Comment: Bonfire of the quangos is not trivial
The government’s plans must take account of the important work quangos perform – and must not let their functions slip through the gaps.
By Adam Scorer
Government has decided to transfer some of Consumer Focus functions to the charities, Citizens Advice Bureau and Citizens Advice Scotland. As public servants it is our job to make the transition work. But as consumer advocates it is our job to make sure that consumers don’t lose out in the process.
It’s worth repeating that it does not matter too much what institution or sector delivers the function as long as it is delivered well. Consumers must feel the benefit of expert and forceful representation, especially in the most difficult and complex markets.

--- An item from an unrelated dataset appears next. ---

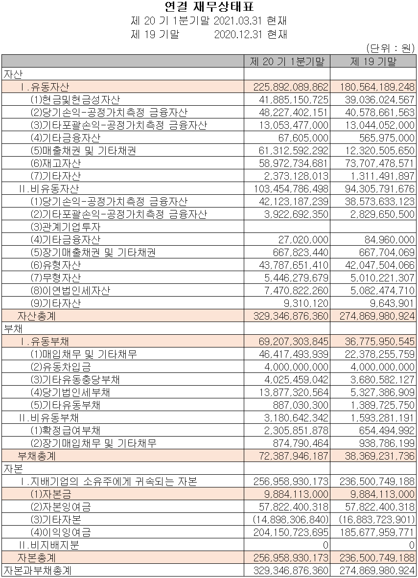 2021년 1분기 말 기준 자산총계는 전기보다 19.8%(545억 원) 증가한 3,293억 원으로 실적 증가에 따른 매출 채권의 증가가 주요 요인입니다. 부채는 88.7%(340억 원) 증가한 724억 원으로 매입채무의 증가에 기인합니다.
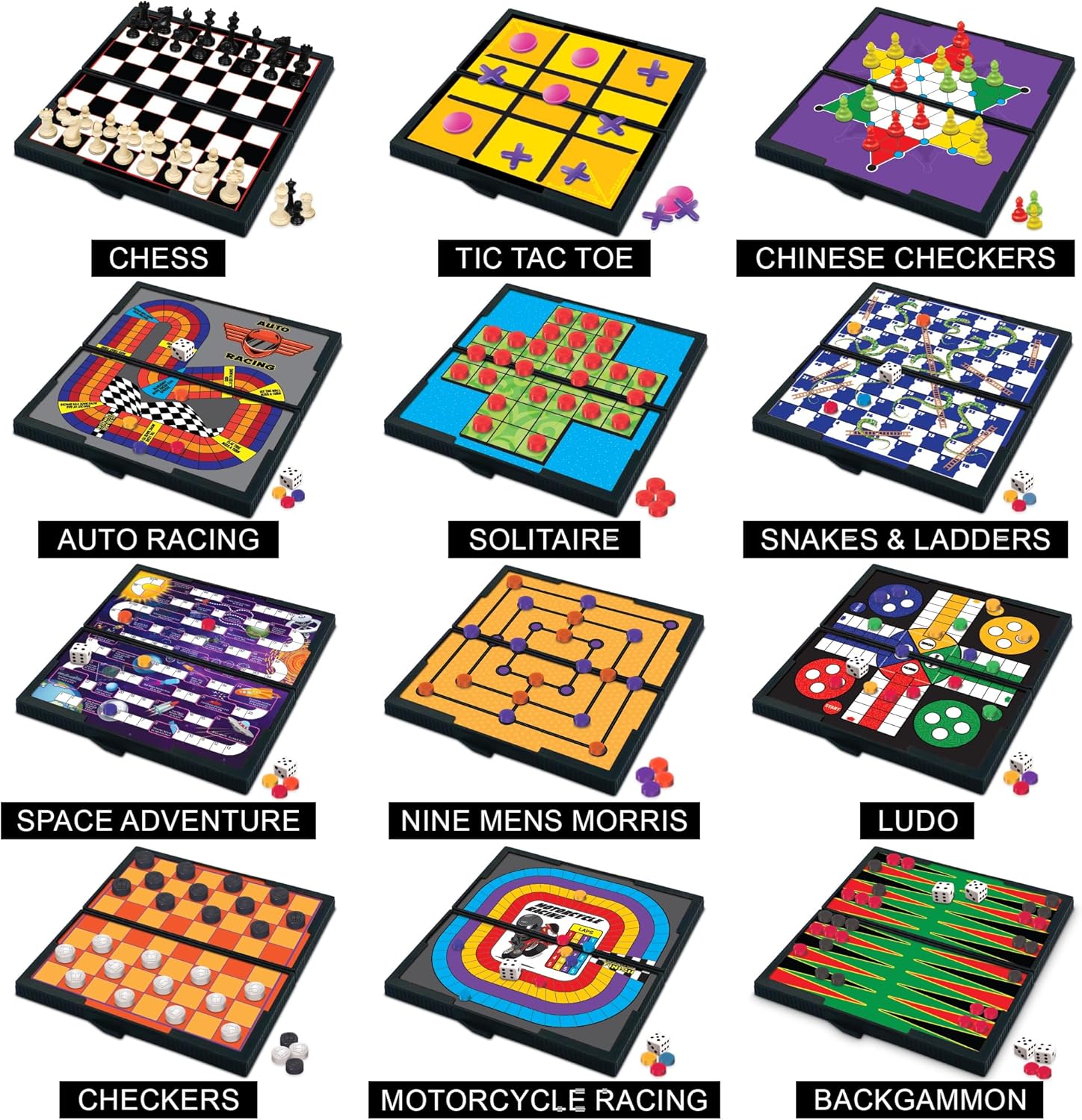 - 12 EXCITING SMALL BOARD GAMES: The Small Gamie Magnetic game set comes with a dozen fun board games that will keep the kids busily entertained for hours. They include Checkers, Chess, Chinese checkers, Tic Tac Toe, Backgammon, Snakes & Ladders, Solitaire, NineMen’s Morris, Auto Racing, Ludo, Space Venure and Racing.

Two years into the life of Consumer Focus we are able, with some satisfaction to reflect on real successes. This month we recovered £70 million for 1.8 million customers of npower who had overpaid for their energy. In the summer we achieved changes to the cash ISA market that will make savers £15 million better off each year. Over the past two years we have contributed to a £500 million saving for consumers including £1.5 million for vulnerable energy consumers at serious risk of being cut off from their energy supply.
Transferring powers and responsibilities to another body, in this case to charities, involves risks which must be mitigated and challenges which must be met. Consumer Focus already works closely with Citizens Advice and Citizens Advice Scotland and we will do so even more closely over the eighteen months it is likely to take Parliament to pass the necessary legislation.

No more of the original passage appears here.